Published online Apr 15, 2002. doi: 10.3748/wjg.v8.i2.276
Revised: October 22, 2001
Accepted: October 29, 2001
Published online: April 15, 2002
AIM: To establish a convenient immunoassay method based on recombinant antigen preS1(21-119 aa) to detect anti-preS1 antibodies and evaluate the clinical significance of antibodies in hepatitis B.

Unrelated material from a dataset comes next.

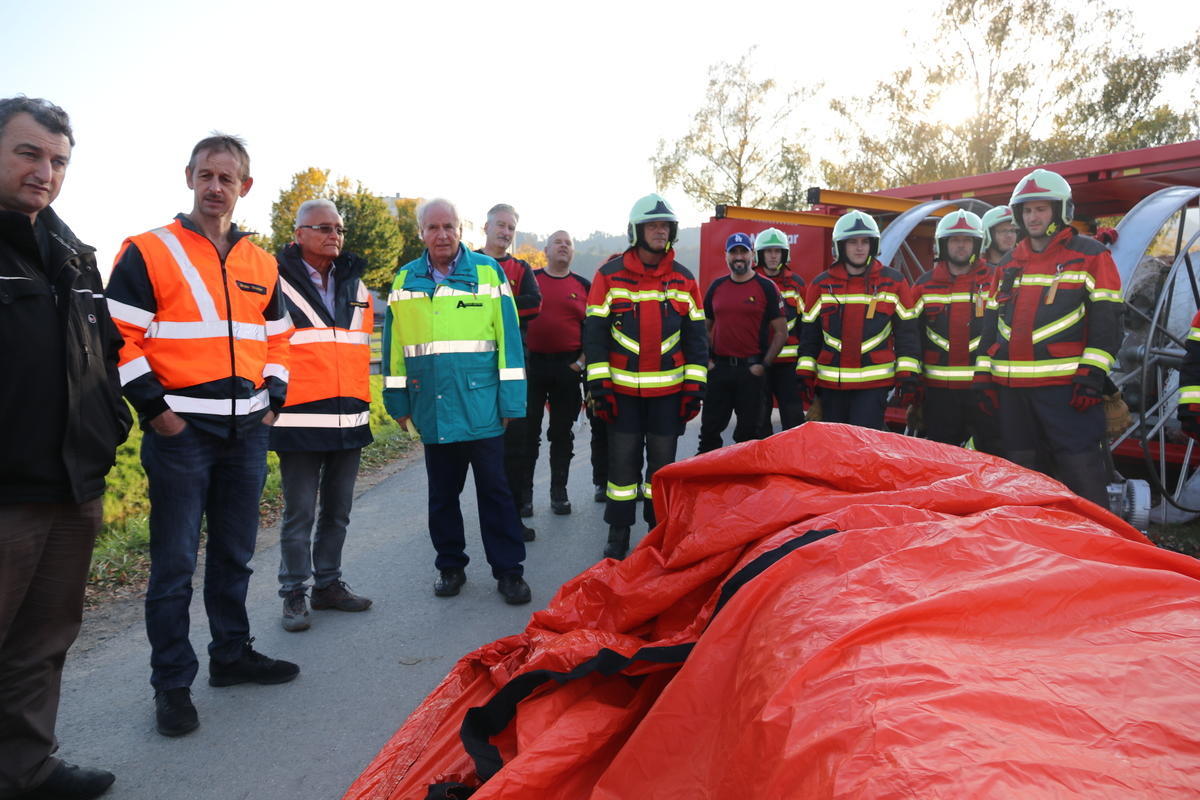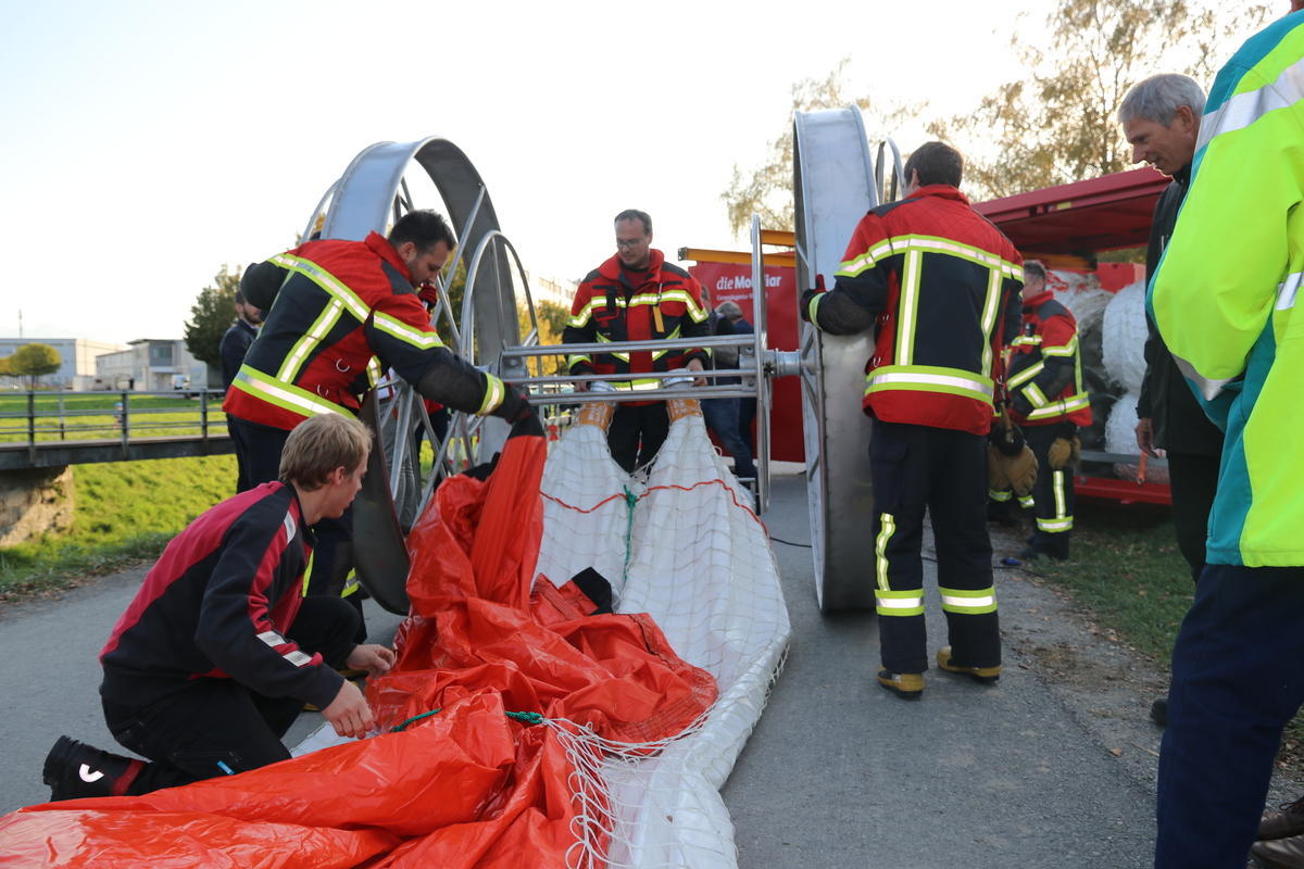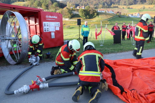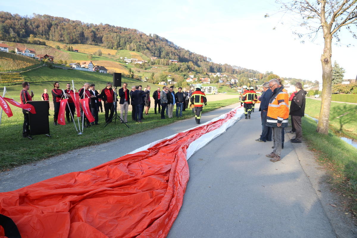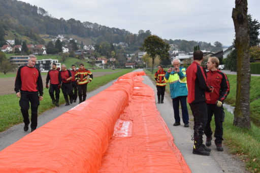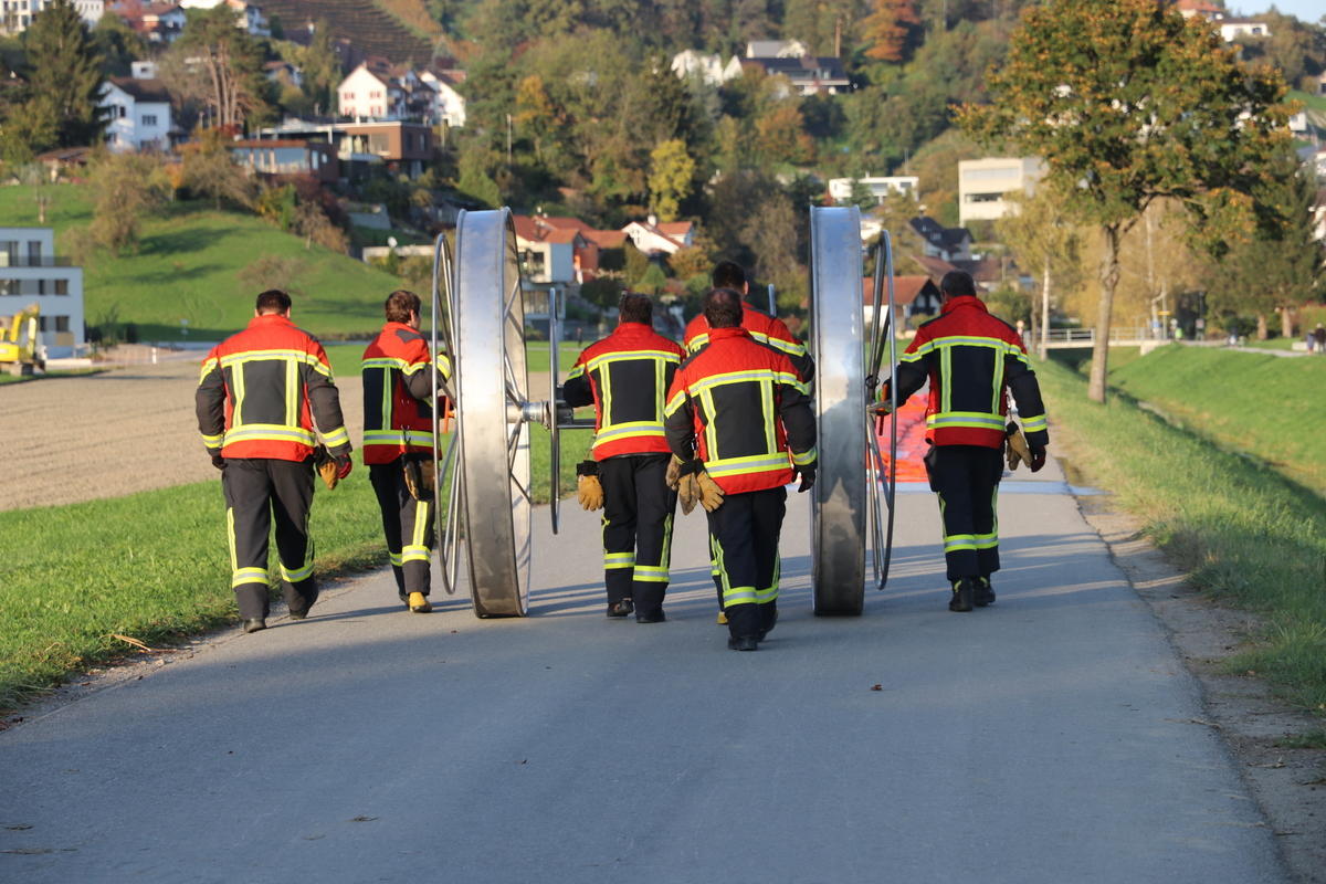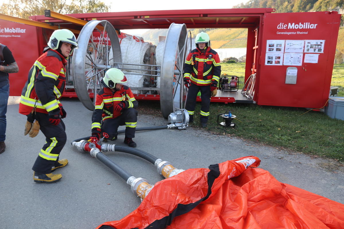 Am Freitagabend überreichte die Schweizerische Mobiliar der Feuerwehr Berneck-Au-Heerbrugg ein 300000 Franken teures Geschenk in Form eines mobilen Deichsystems. Bei der Demonstration zeigten die Einsatzkräfte, wie einfach und schnell der Hochwasserschutz aufgebaut ist.

METHODS: The expression plasmid pET-28a-preS1 was constructed, and a large quantity of preS1(21-119 aa) fragment of the large HBsAg protein was obtained. The preS1 fragment purified by Ni2+-IDA affinity chromatography was used as coated antigen to establish the indirect ELISA based on streptavidin-biotin system for detection of the anti-preS1 antibodies in sera from HBV-infected patients. For follow-up study, serial sera were collected during the clinical course of 21 HBV-infected patients and anti-preS1 antibodies, preS1 antigen, HBV-DNA and other serological HBV markers were analyzed.

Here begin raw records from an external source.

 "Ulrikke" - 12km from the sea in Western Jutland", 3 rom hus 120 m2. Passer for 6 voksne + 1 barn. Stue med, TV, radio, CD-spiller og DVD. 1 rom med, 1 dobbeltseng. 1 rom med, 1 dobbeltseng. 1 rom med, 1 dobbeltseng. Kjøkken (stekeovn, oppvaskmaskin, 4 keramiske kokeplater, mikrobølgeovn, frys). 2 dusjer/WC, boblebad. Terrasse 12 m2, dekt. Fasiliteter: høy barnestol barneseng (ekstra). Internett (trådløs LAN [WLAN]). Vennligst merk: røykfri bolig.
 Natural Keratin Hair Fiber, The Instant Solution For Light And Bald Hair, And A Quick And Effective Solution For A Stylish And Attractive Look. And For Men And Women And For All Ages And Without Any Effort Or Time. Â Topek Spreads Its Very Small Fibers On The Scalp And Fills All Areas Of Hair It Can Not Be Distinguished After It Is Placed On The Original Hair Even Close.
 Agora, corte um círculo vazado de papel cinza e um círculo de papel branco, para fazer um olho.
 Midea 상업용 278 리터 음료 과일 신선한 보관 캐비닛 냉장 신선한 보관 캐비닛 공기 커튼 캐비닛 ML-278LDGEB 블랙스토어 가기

RESULTS: preS1(21-119 aa) fragment was highly expressed from the plasmid pET-28a-preS1 in a soluble form in E. coli (30 mg•L⁻¹), and easily purified to high purity over 90% by one step of Ni2+-IDA-sepharose 6B affinity chromatography. The purity and antigenicity of the purified preS1(21-119 aa) protein was determined by 150 g•L⁻¹ SDS-PAGE, Western blot and a direct ELISA. Recombinant preS1(21-119 aa) protein was successfully applied in the immunoassay which could sensitively detect the anti-preS1 antibodies in serum specimens of acute or chronic hepatitis B patients. Results showed that more than half of 19 acute hepatitis B patients produced anti-preS1 antibodies during recovery of the disease, however, the response was only found in a few of chronic patients. In the clinical follow-up study of 11 patients with anti-preS1 positive serological profile, HBsAg and HBV-DNA clearance occurred in 6 of 10 acute hepatitis B patients in 5-6 mo, and seroconversion of HBeAg and disappearance of HBV-DNA occurred in 1 chronic patients treated with lavumidine, a antiviral agent.

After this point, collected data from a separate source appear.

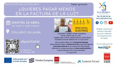- Contenido: Taller impartido por la Fundación Naturgy para entender mejor la factura de la luz y aprender algunos trucos para ahorrar en el consumo de electricidad. Además, te contaremos qué es el bono social eléctrico, si tienes derecho a él y cómo solicitarlo.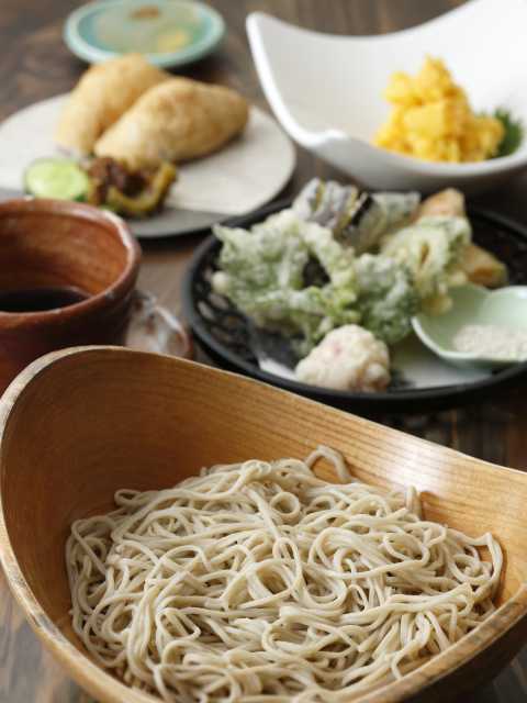 町内の契約農家から仕入れるそばを石臼びきし、地元で名水と評判の秋元神社の御神水を使って手打ちする。コースに付く天ぷらの野菜やいなりずしの米は、いずれも無農薬で自家栽培したもの。女将の児島佐代子さんが集めた信楽焼きなどの器で出す。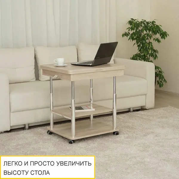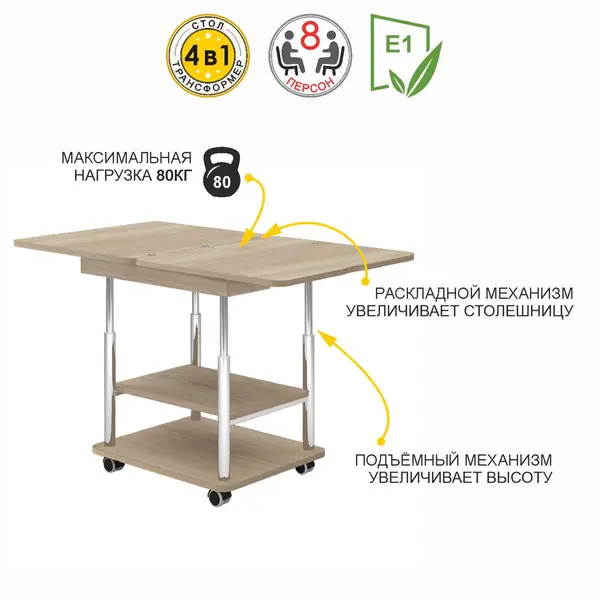 • Подъемный механизм легко и просто позволяет преобразовать журнальный стол в обеденный, увеличивая высоту до 73 см. Благодаря подъемному механизму стол может использоваться как кофейный столик, а также как полноценный стол для кухни или для гостиной.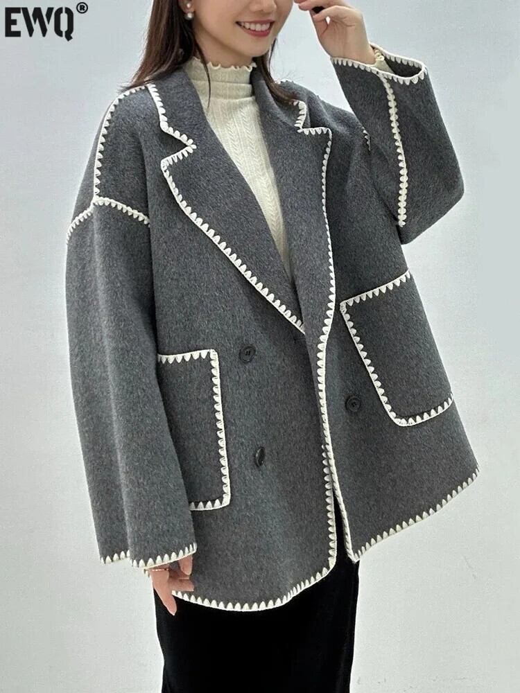 [EWQ] 長袖厚手ブラウンウールコートオーバーコートグリーングレージャケットトレンドソリッドベーシックトップス U6237 ロング ソリッドカラー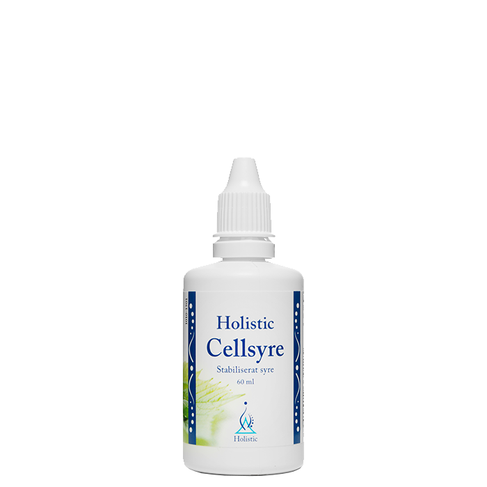 Holistic Cellsyre innehåller stabiliserat syre – som är syre bundet i vatten. Lösningen är nästan lukt- och smakfri.
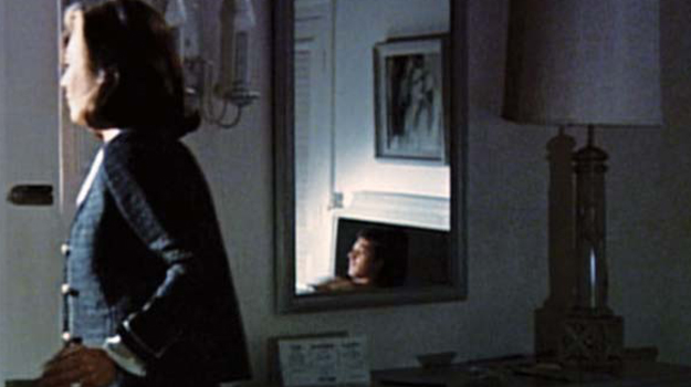The camera stays stationary on Ben until Mrs. Robinson leaves. She goes through the frame, back and forth, which I planned months before with Buck because I wanted to see this for the matching. The light is supposed to be coming from the television; the idea is that he’s pulled into it. To get Ben’s reflection, the mirror is in a completely idiotic place. We moved it and the bureau right next to the door so we could get him and not have to cut. The ‘slam’ when the door closes behind Mrs. Robinson is the only time you hear sound, and that had to be because it lands him at home on the cut. Sam O’Steen and I found that while editing.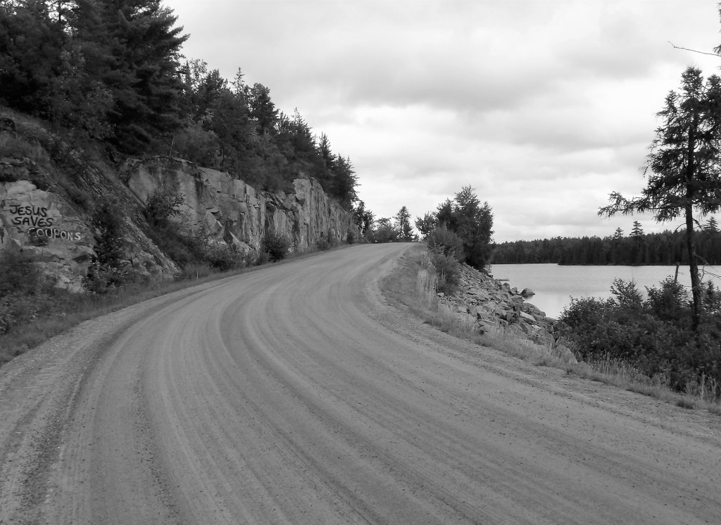 Apparently, a lot of hikers pass through here. There are people biking it, and a few cars (with their obligatory canoes) suddenly popping up on the roller-coaster corners, but mostly it’s just pristine wilderness of rocks, trees, and lakes. I hope the sky clears soon.
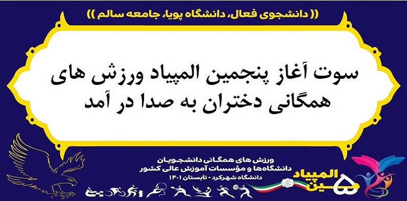 افتتاحیه پنجمین المپیاد ورزش های همگانی دانشجویان دختر دانشگاه ها و موسسات آموزش عالی کشور، روز شنبه 29 مردادماه 1401، ساعت 17 در مجموعه ورزشی شهدای دانش آموز برگزار خواهد شد.

CONCLUSION: The high-purity preS1(21-119 aa) coated antigen was successfully prepared by gene expression and affinity chromatography. Using this antigen, a conveniently detective system of anti-preS1 antibodies in sera was established. Preliminarily clinical trial the occurrence of anti-preS1 antibodies in acute hepatitis B patients suggests the clearance of HBV from serum in a short-term time, and anti-preS1 positive in chronic patients means health improvement or recovery from the disease.